▶ _TASK_:
Print the lines from the one containing "Türkiye Gazetesi 13" through the end of the listing below, exactly as written. Any pictures stay out.

-- COLLECTED DATA follows --

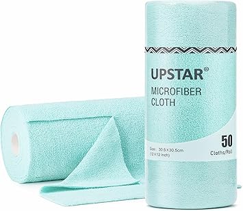 UPSTAR Microfiber Cleaning Cloth, Reusable Paper Towels Rolls, Cleaning Rags for Kitchen, Bathroom, Car, 12x12 inch, 50 Packs/Roll, Blue
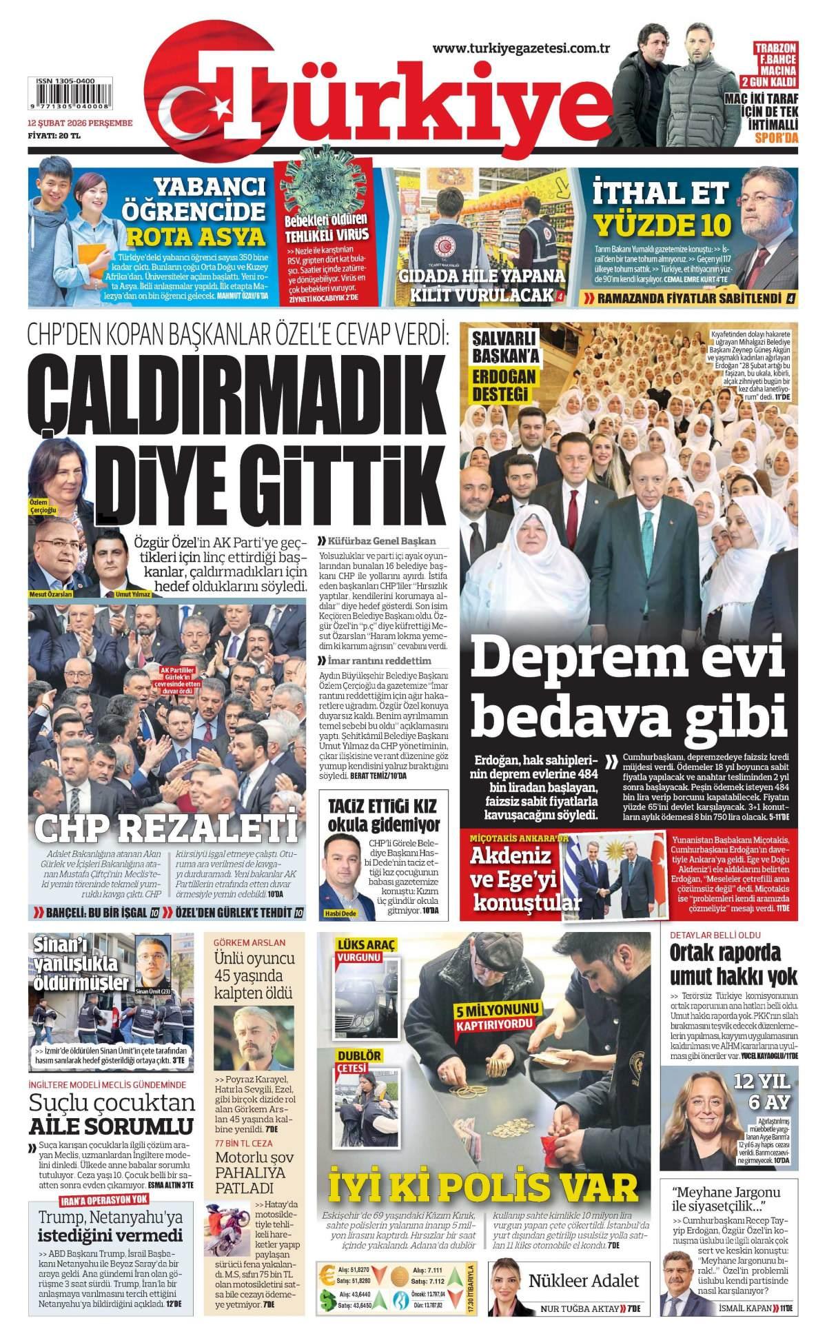Türkiye Gazetesi 13 Şubat 2026 Günü Gazete Manşetleri
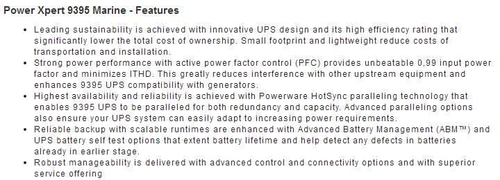 Formerly Eaton 9395 Marine Double-conversion online technology with power ratings 225-1100kVA, three-phase input and output, small foot print, patented Hot Sync parallel capability up to five redundant systems, ABM technology to extend battery service life, wide communication options.

-- COLLECTED DATA concluded --

▶ _THE COMPLETED TASK_:
Türkiye Gazetesi 13 Şubat 2026 Günü Gazete Manşetleri
 Formerly Eaton 9395 Marine Double-conversion online technology with power ratings 225-1100kVA, three-phase input and output, small foot print, patented Hot Sync parallel capability up to five redundant systems, ABM technology to extend battery service life, wide communication options.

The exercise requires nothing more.